Exactly the lines starting at the line containing "Cardinal晶振,CPF" and ending at the line containing "Очаровательный образ этого" are to be written out from the listing below, both included.

ENTRIES SHOWN:

<<<<

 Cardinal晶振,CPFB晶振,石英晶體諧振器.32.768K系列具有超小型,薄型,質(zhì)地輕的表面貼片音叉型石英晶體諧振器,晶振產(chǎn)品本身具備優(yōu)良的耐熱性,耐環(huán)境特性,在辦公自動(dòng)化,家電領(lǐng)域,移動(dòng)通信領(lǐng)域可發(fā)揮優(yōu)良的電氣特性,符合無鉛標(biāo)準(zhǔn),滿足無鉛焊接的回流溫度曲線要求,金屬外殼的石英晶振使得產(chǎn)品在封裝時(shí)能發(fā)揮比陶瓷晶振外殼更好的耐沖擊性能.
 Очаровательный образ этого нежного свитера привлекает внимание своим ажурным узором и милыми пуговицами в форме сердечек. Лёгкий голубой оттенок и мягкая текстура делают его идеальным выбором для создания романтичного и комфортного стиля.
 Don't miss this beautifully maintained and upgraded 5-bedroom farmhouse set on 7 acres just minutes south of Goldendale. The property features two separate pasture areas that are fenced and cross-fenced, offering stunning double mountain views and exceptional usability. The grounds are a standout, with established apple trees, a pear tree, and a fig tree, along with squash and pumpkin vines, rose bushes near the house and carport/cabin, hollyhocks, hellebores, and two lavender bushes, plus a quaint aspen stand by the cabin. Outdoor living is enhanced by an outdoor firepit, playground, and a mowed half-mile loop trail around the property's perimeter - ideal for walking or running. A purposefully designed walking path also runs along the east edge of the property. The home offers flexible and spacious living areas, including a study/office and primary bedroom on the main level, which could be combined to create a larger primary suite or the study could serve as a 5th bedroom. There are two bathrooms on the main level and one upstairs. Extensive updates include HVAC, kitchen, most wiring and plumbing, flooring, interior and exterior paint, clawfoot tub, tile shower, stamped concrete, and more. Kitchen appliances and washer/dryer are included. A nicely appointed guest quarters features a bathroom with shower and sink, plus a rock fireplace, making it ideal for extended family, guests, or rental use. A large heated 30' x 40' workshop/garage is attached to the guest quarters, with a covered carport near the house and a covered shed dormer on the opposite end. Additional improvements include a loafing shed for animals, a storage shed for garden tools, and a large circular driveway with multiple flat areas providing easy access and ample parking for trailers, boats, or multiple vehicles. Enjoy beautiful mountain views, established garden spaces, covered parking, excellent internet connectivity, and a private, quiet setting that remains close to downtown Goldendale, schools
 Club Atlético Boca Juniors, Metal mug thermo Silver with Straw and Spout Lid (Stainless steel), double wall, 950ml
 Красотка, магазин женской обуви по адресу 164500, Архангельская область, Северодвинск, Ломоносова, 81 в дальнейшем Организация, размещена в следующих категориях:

>>>>
<<<<

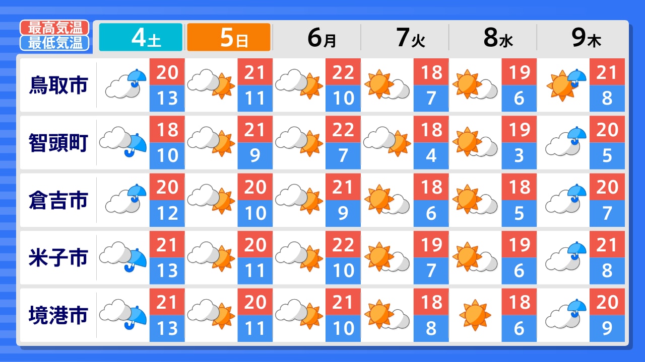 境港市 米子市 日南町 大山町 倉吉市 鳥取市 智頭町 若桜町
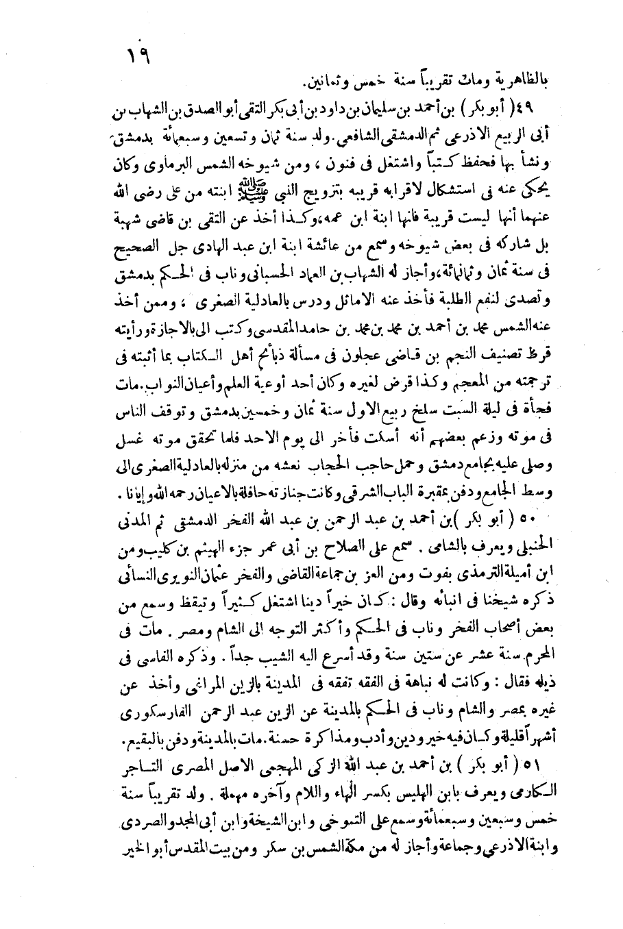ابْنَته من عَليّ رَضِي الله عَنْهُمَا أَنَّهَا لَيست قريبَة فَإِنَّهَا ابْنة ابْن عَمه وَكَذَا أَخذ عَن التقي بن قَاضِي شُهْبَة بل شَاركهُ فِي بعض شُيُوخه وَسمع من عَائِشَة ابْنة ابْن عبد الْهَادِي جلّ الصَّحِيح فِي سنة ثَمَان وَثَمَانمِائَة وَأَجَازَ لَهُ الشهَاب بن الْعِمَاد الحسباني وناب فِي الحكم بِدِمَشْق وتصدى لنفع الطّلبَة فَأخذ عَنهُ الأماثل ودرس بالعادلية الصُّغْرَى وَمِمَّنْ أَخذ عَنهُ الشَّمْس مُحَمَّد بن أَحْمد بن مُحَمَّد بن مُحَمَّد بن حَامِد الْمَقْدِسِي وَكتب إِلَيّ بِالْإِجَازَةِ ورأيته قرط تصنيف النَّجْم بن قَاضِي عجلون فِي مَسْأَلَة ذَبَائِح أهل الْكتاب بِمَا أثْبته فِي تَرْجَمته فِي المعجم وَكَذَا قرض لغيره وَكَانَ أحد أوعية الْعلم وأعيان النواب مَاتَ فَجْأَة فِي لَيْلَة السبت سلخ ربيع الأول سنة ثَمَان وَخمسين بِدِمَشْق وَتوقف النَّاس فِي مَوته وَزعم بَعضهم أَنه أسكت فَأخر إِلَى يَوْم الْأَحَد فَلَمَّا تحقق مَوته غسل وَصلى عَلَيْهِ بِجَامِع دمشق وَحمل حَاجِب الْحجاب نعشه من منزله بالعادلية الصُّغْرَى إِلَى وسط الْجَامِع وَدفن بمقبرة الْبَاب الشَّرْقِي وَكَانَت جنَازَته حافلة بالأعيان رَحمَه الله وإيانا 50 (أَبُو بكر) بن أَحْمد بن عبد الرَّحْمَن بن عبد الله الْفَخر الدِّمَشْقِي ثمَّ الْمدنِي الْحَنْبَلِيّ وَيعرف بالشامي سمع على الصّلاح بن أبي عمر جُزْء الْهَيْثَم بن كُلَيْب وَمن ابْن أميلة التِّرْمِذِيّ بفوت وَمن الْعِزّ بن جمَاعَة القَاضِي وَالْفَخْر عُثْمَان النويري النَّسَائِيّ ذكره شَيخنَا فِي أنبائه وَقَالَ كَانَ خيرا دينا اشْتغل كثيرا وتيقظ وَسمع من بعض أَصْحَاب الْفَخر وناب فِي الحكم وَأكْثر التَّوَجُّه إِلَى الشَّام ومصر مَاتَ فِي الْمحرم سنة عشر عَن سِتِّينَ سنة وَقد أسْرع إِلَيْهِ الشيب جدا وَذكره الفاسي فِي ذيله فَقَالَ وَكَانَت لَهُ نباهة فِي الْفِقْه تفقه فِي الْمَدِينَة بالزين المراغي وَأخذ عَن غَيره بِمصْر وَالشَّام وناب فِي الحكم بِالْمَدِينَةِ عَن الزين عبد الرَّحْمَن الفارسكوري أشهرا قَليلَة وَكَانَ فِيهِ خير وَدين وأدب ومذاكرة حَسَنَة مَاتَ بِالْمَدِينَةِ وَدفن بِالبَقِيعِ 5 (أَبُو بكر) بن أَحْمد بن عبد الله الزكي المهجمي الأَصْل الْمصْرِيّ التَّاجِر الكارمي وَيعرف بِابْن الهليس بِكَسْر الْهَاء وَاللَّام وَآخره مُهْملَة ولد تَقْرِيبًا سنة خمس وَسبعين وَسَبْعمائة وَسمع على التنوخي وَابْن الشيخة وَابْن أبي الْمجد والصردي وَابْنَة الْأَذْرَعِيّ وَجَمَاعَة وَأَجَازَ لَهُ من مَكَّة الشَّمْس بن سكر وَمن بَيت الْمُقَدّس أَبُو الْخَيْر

>>>>

ANSWER AREA:
 Cardinal晶振,CPFB晶振,石英晶體諧振器.32.768K系列具有超小型,薄型,質(zhì)地輕的表面貼片音叉型石英晶體諧振器,晶振產(chǎn)品本身具備優(yōu)良的耐熱性,耐環(huán)境特性,在辦公自動(dòng)化,家電領(lǐng)域,移動(dòng)通信領(lǐng)域可發(fā)揮優(yōu)良的電氣特性,符合無鉛標(biāo)準(zhǔn),滿足無鉛焊接的回流溫度曲線要求,金屬外殼的石英晶振使得產(chǎn)品在封裝時(shí)能發(fā)揮比陶瓷晶振外殼更好的耐沖擊性能.
 Очаровательный образ этого нежного свитера привлекает внимание своим ажурным узором и милыми пуговицами в форме сердечек. Лёгкий голубой оттенок и мягкая текстура делают его идеальным выбором для создания романтичного и комфортного стиля.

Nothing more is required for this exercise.